◆ **Input records**
※

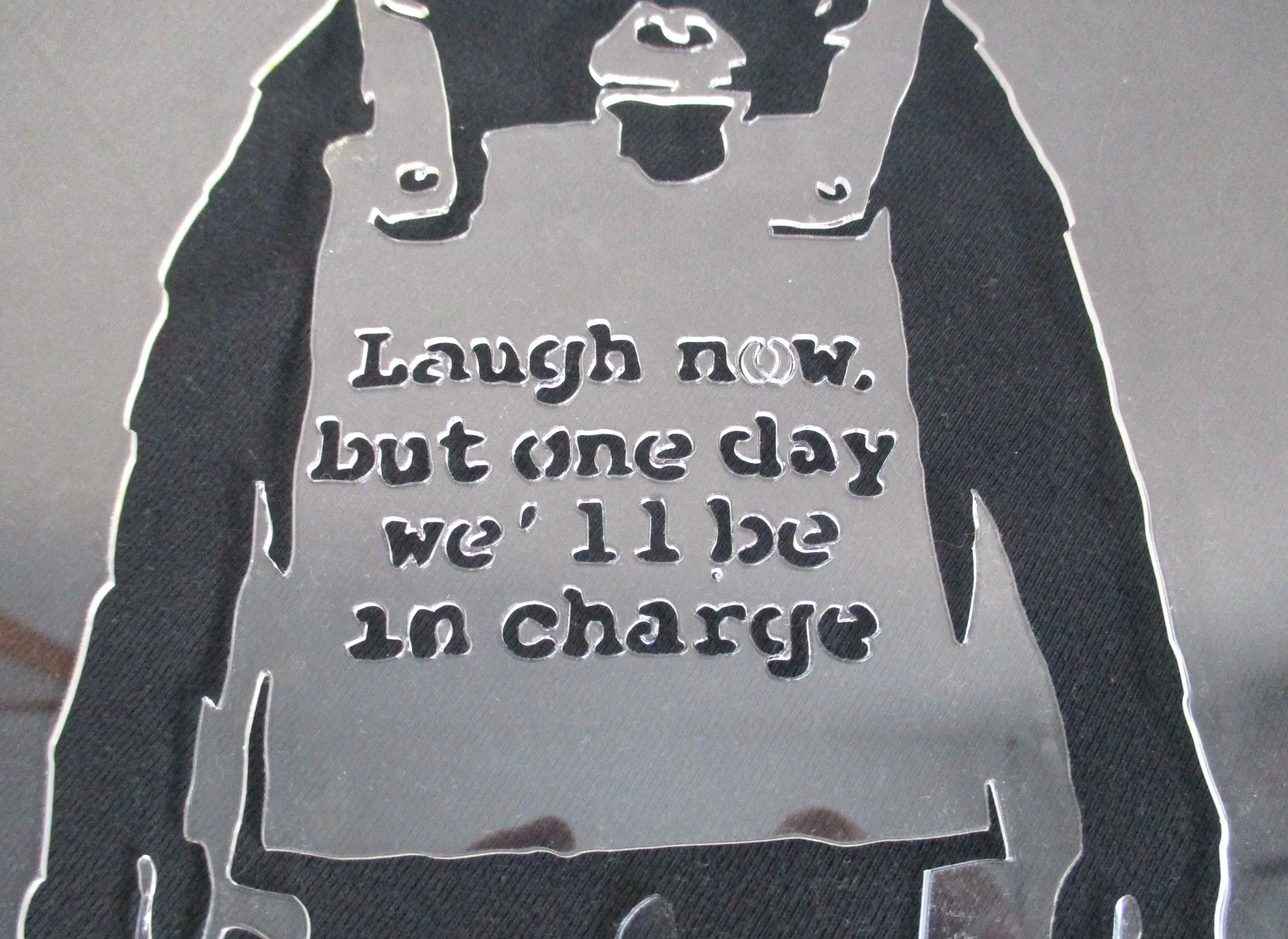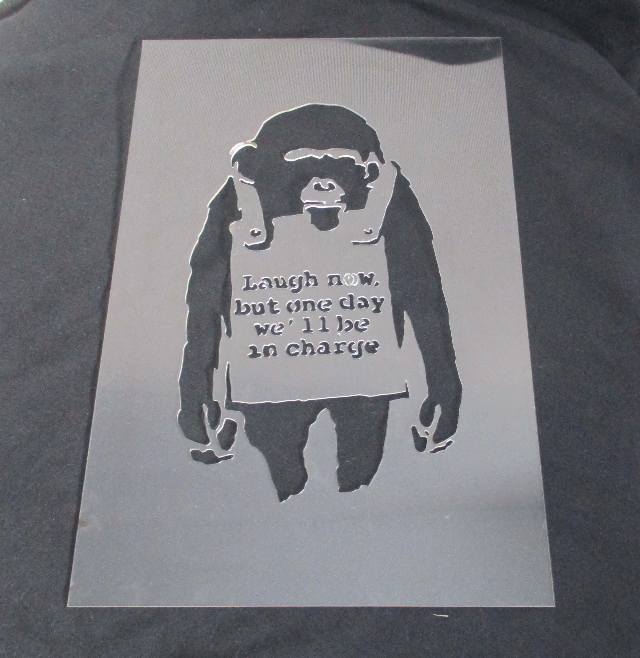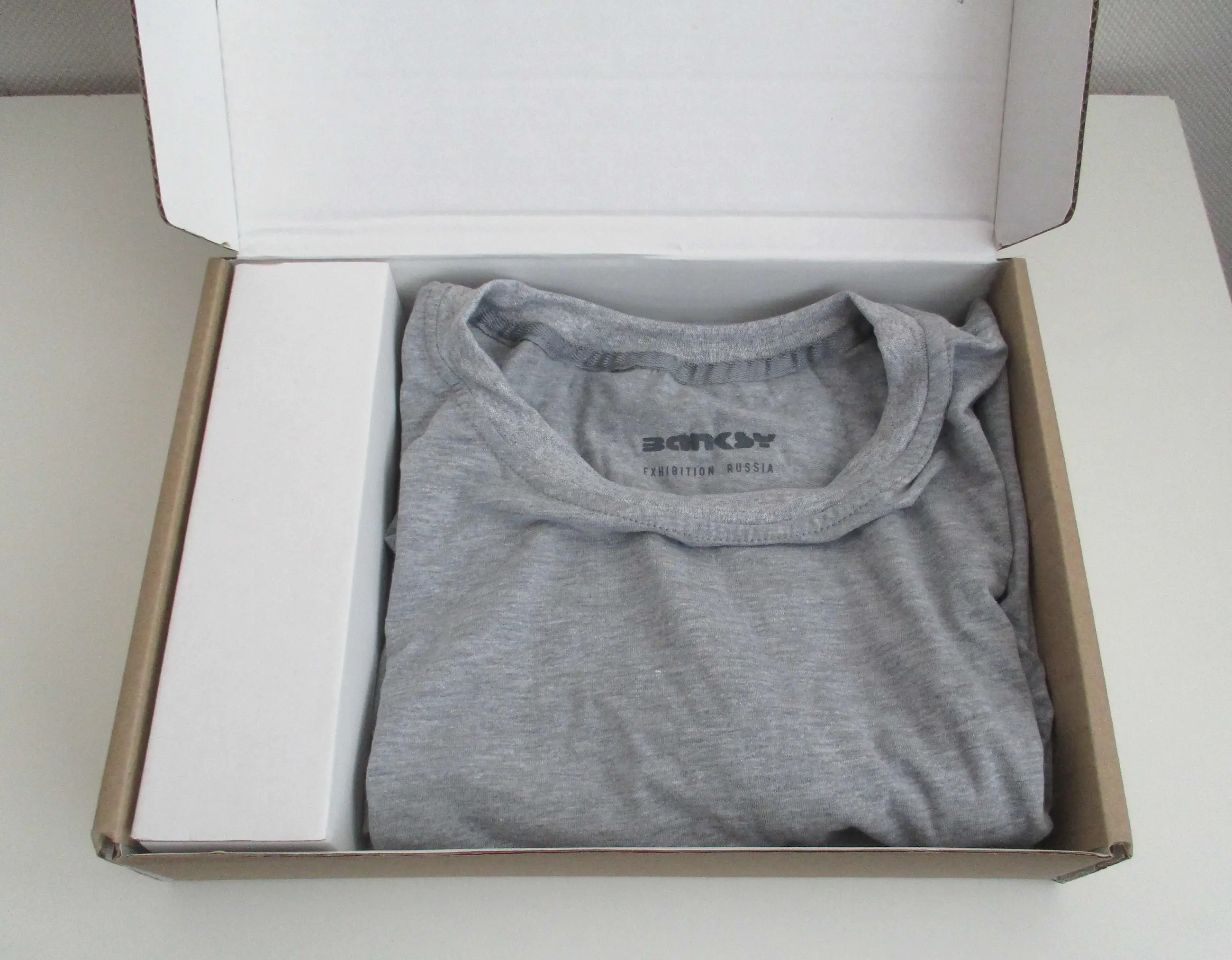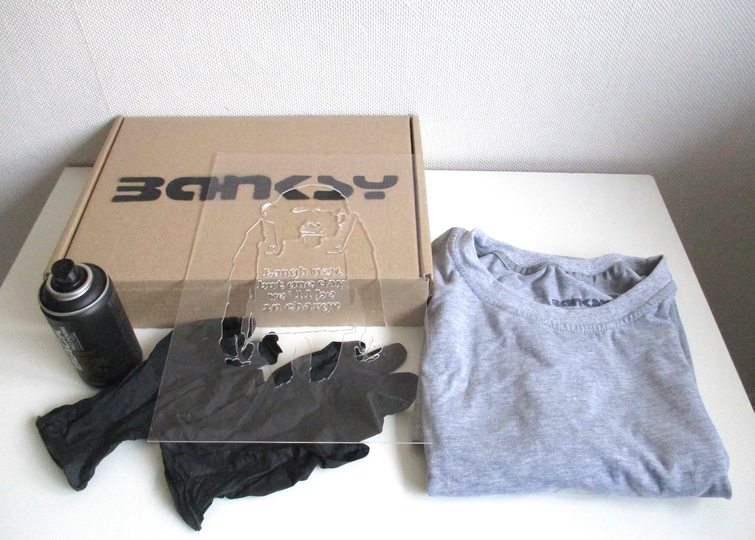 Dit is een stencil kit in beperkte oplage die exclusief werd verkocht tijdens de Banksy Exhibition in Moskou in 2018. Het pakket bevat: 1x Montana Zwart 150ml spuitbus (vol) 1x paar zwarte latex handschoenen 1x BANKSY lichtgrijs large T-shirt (blanco) 1x 'Laugh Now' stencil/sjabloon Afmetingen doos: 33 x 23 x 6,5 cm.
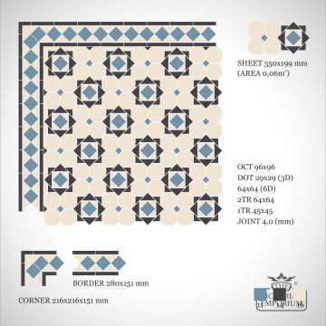 Strasbourg pattern inset tiles design matches Strasbourg Border and Corner tiles. On webbed sheets for fast and hassle free installation.
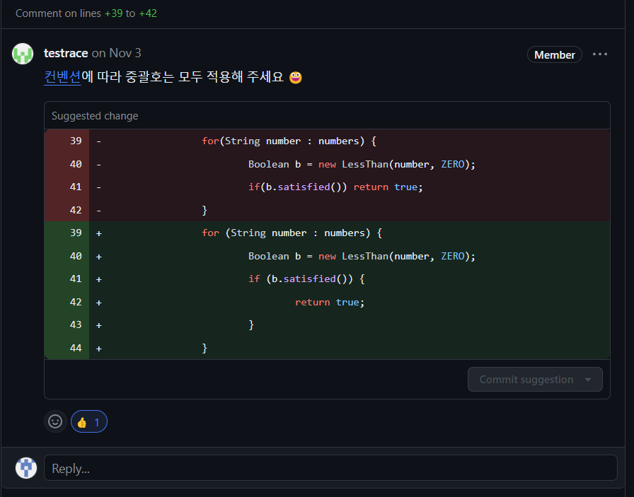 무의식적으로 컨벤션을 어기고 있는 부분이 있다면, if, for 등을 사용할 때 괄호를 사용하지 않고 붙여서 사용하는 것 입니다. 이왕 컨벤션을 따라 코딩한다고 한다면 이런 사소한 부분들도 지키면 좋습니다.
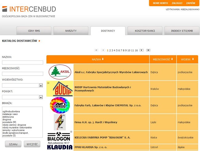 Cóż jeszcze ciekawego? Niezłe wrażenie (pozytywne) robi katalog dostawców – nie liczyłem dokładnie, ale będzie ich pewnie z 300. Z tej bazy dowiemy się wszystkiego o dostawcy lub producencie, znajdziemy jego dane teleadresowe oraz asortyment (z cenami), którym dysponuje. Tu również dostępna jest wyszukiwarka – możemy szukać po nazwie firmy, miejscowości, województwie, a także po branży – do koloru do wyboru.
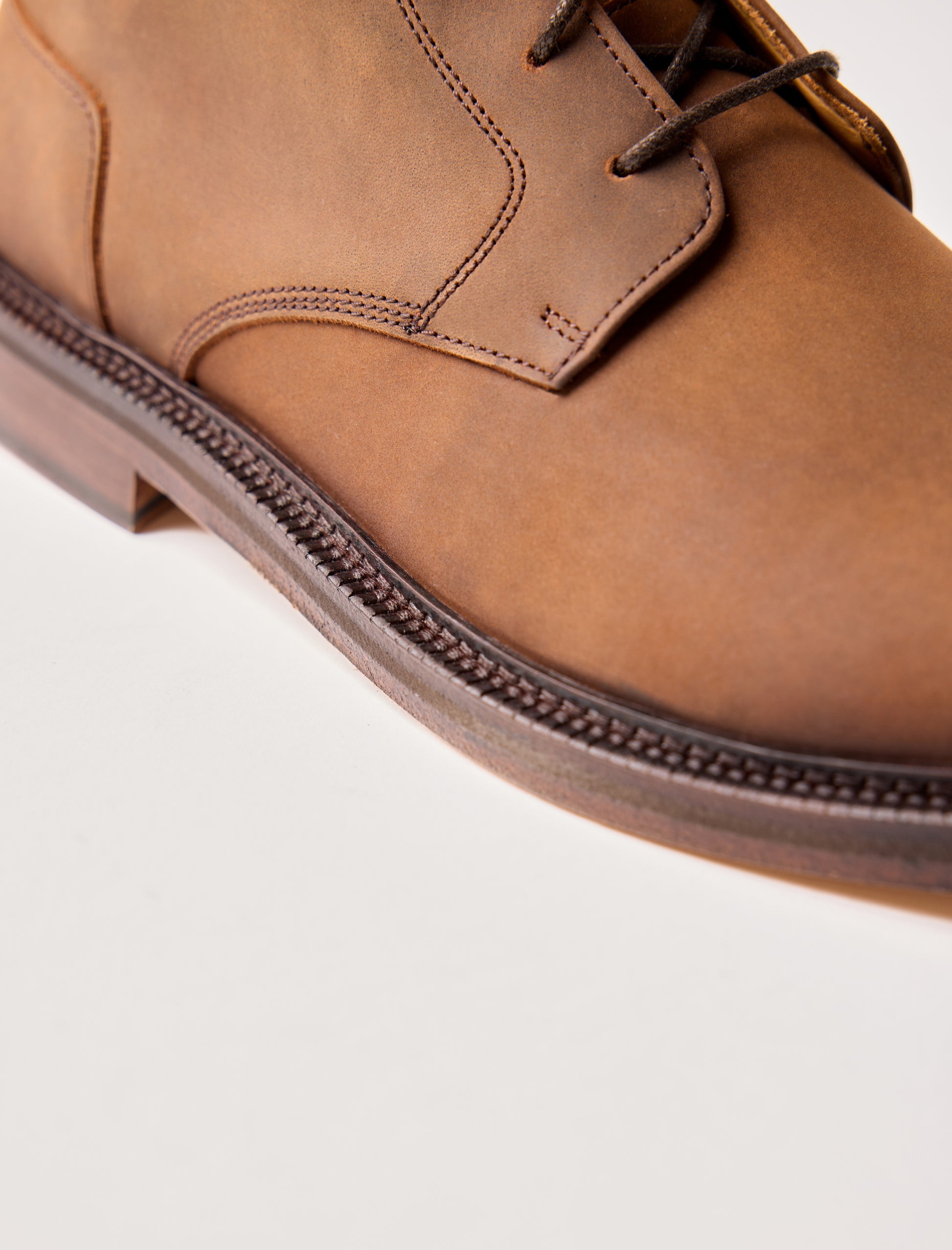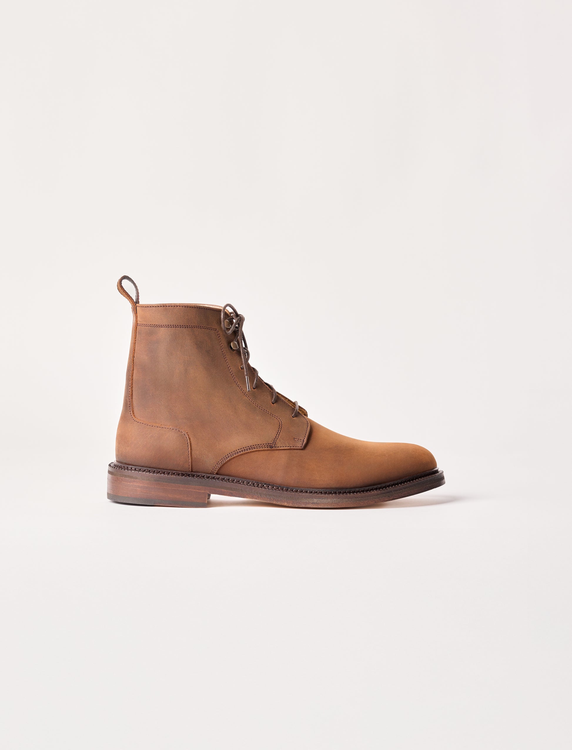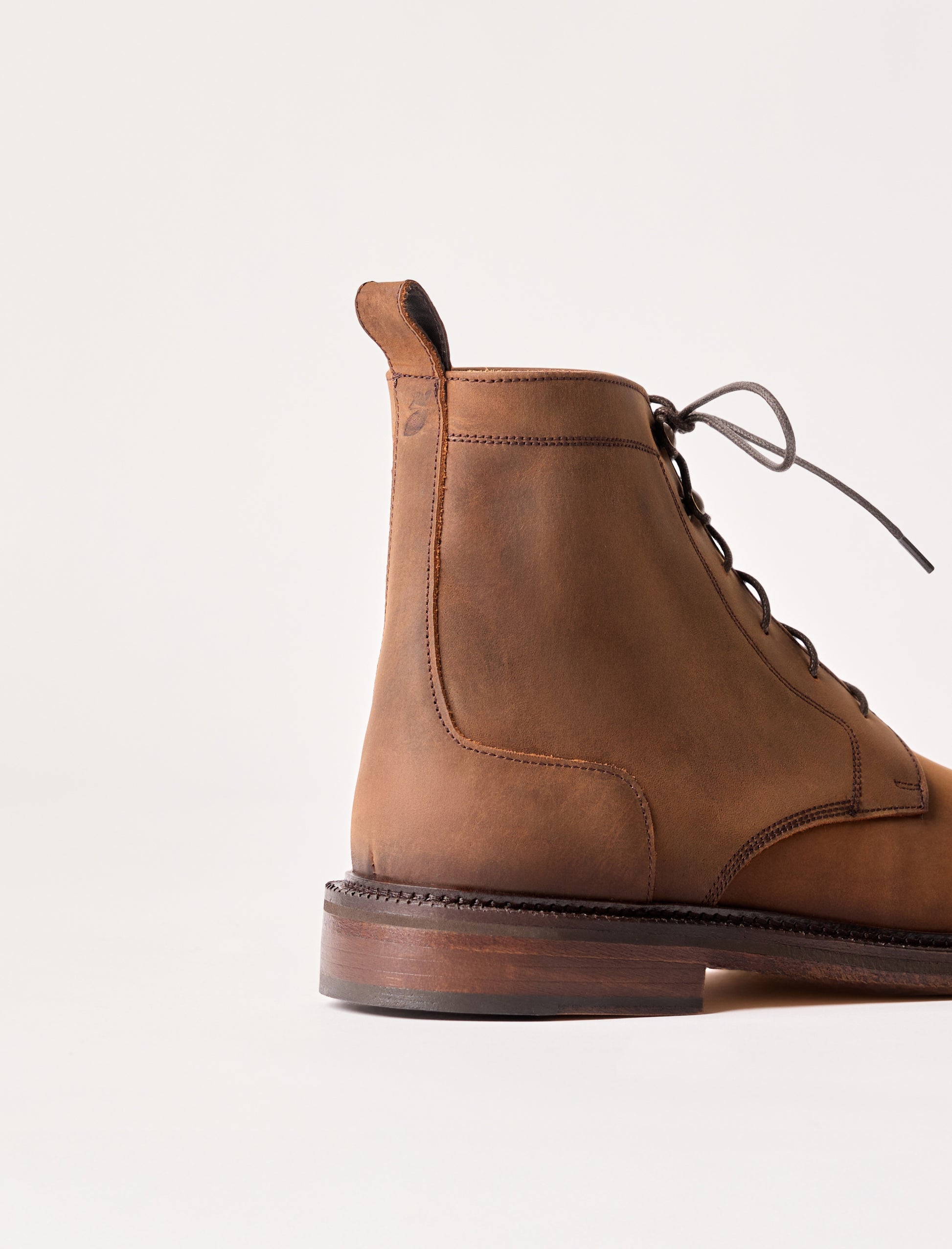 Fabriquées à la main au Portugal, ces combat boots pour homme présentent un montage et une finition irréprochables. Chez Pied de Biche, la durabilité est au cœur de notre processus de création. Nous valorisons les pièces qui se bonifient avec le temps et nous nous assurons de concevoir des chaussures qui deviennent de plus en plus belles avec l'âge. Chaque détail de cette bottine a été soigneusement pensé : cuir 100% italien, construction cousu Blake, tige et semelle en cuir avec trépointe en cuir.

※

◆ **Exercise goal**
Ignoring the pictures, write out word for word the lines from the line containing "Strasbourg pattern inset" through the end of the material above.

◆ **Solution**
 Strasbourg pattern inset tiles design matches Strasbourg Border and Corner tiles. On webbed sheets for fast and hassle free installation.
 무의식적으로 컨벤션을 어기고 있는 부분이 있다면, if, for 등을 사용할 때 괄호를 사용하지 않고 붙여서 사용하는 것 입니다. 이왕 컨벤션을 따라 코딩한다고 한다면 이런 사소한 부분들도 지키면 좋습니다.
 Cóż jeszcze ciekawego? Niezłe wrażenie (pozytywne) robi katalog dostawców – nie liczyłem dokładnie, ale będzie ich pewnie z 300. Z tej bazy dowiemy się wszystkiego o dostawcy lub producencie, znajdziemy jego dane teleadresowe oraz asortyment (z cenami), którym dysponuje. Tu również dostępna jest wyszukiwarka – możemy szukać po nazwie firmy, miejscowości, województwie, a także po branży – do koloru do wyboru.
 Fabriquées à la main au Portugal, ces combat boots pour homme présentent un montage et une finition irréprochables. Chez Pied de Biche, la durabilité est au cœur de notre processus de création. Nous valorisons les pièces qui se bonifient avec le temps et nous nous assurons de concevoir des chaussures qui deviennent de plus en plus belles avec l'âge. Chaque détail de cette bottine a été soigneusement pensé : cuir 100% italien, construction cousu Blake, tige et semelle en cuir avec trépointe en cuir.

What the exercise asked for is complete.